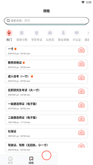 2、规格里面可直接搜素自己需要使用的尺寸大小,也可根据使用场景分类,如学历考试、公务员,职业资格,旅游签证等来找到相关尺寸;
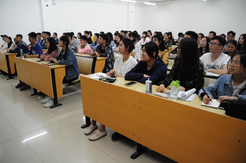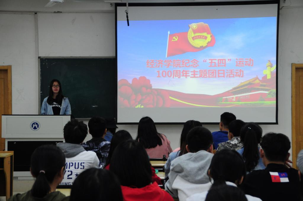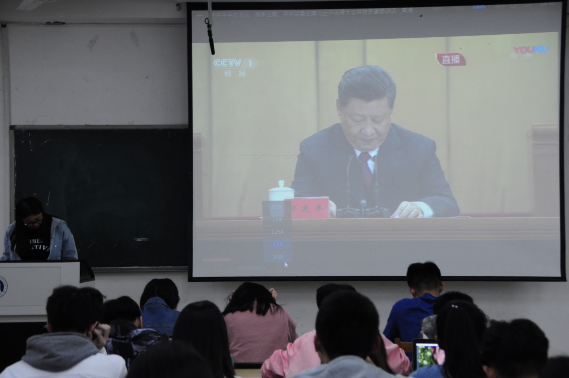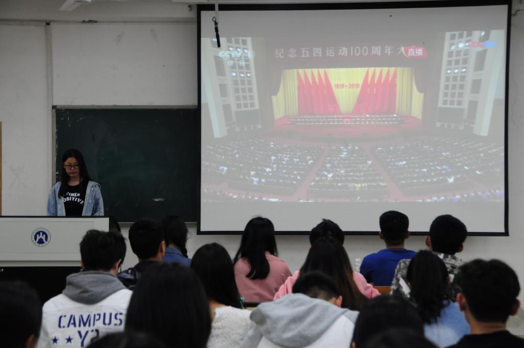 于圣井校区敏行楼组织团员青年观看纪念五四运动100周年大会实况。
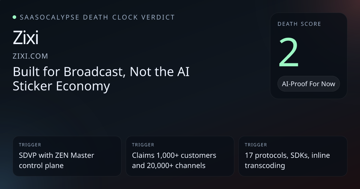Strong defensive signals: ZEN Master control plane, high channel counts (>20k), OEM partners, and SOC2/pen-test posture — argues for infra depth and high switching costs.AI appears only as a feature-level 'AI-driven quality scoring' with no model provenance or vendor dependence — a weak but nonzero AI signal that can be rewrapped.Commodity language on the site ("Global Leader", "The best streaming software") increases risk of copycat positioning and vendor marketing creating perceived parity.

........

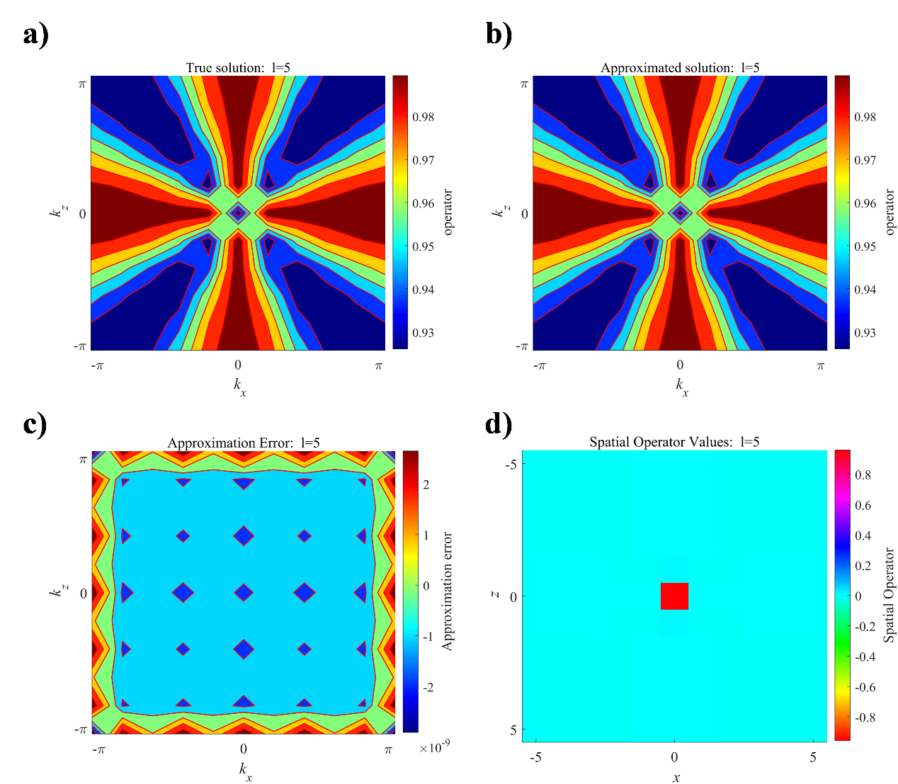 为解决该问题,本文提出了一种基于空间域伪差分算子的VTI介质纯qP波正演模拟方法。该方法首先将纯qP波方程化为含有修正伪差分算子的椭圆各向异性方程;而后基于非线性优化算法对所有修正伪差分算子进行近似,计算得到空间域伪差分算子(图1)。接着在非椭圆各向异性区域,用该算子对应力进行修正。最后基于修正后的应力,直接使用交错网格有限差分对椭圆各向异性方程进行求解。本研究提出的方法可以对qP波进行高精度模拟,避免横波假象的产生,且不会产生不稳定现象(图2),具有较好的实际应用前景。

........

Output should consist of the lines above from the one with "2、规格里面可直接搜素自己需" down to the one with "Strong defensive signals: ZEN", exact and without pictures.

## SOLVED EXERCISE:
 2、规格里面可直接搜素自己需要使用的尺寸大小,也可根据使用场景分类,如学历考试、公务员,职业资格,旅游签证等来找到相关尺寸;
 于圣井校区敏行楼组织团员青年观看纪念五四运动100周年大会实况。
Strong defensive signals: ZEN Master control plane, high channel counts (>20k), OEM partners, and SOC2/pen-test posture — argues for infra depth and high switching costs.AI appears only as a feature-level 'AI-driven quality scoring' with no model provenance or vendor dependence — a weak but nonzero AI signal that can be rewrapped.Commodity language on the site ("Global Leader", "The best streaming software") increases risk of copycat positioning and vendor marketing creating perceived parity.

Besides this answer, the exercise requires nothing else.